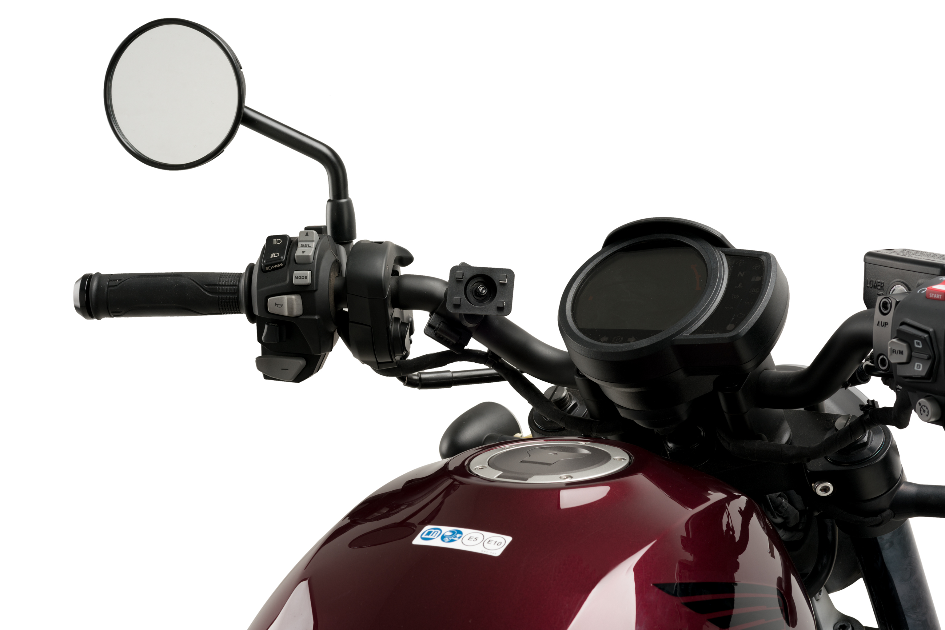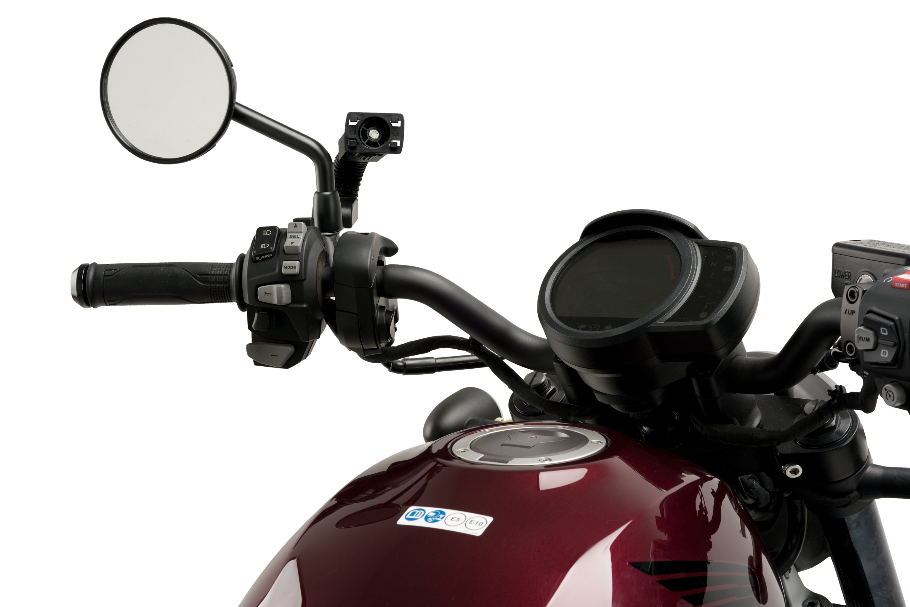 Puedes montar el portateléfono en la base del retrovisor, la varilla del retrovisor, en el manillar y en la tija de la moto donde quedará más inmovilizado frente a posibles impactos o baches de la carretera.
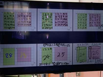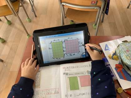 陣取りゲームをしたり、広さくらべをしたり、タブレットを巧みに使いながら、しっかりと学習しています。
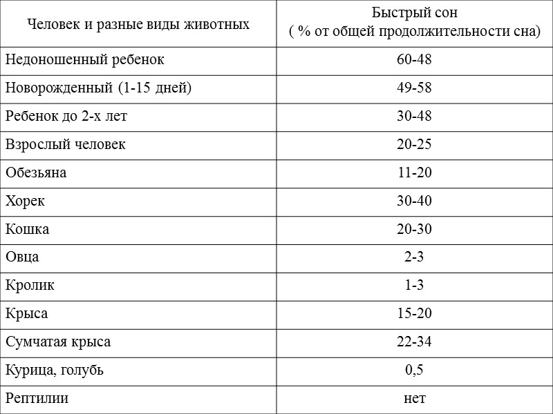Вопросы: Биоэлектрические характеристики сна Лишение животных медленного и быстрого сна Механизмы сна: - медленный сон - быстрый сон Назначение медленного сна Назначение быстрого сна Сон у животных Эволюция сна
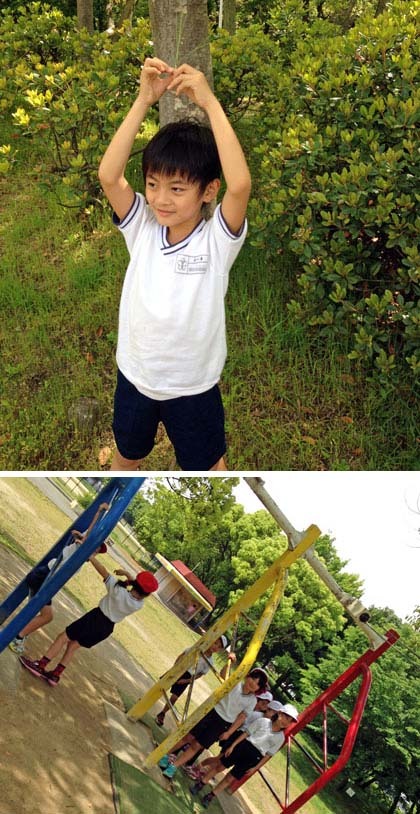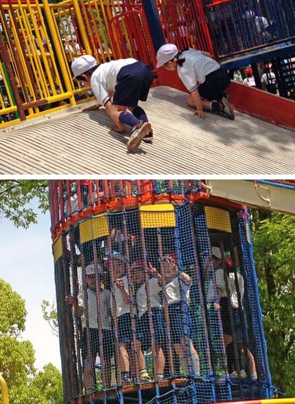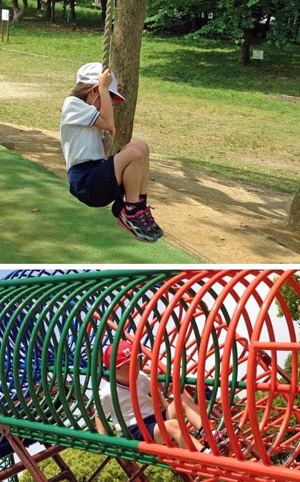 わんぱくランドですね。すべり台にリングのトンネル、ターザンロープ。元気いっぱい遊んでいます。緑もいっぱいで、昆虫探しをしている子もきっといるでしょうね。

•••••

# [Description of the task]
Copy out the lines exactly as written, beginning with the one that contains "陣取りゲームをしたり、広さく" and ending with the last line of the material; do not include pictures.

# [Exercise solution]
 陣取りゲームをしたり、広さくらべをしたり、タブレットを巧みに使いながら、しっかりと学習しています。
Вопросы: Биоэлектрические характеристики сна Лишение животных медленного и быстрого сна Механизмы сна: - медленный сон - быстрый сон Назначение медленного сна Назначение быстрого сна Сон у животных Эволюция сна
 わんぱくランドですね。すべり台にリングのトンネル、ターザンロープ。元気いっぱい遊んでいます。緑もいっぱいで、昆虫探しをしている子もきっといるでしょうね。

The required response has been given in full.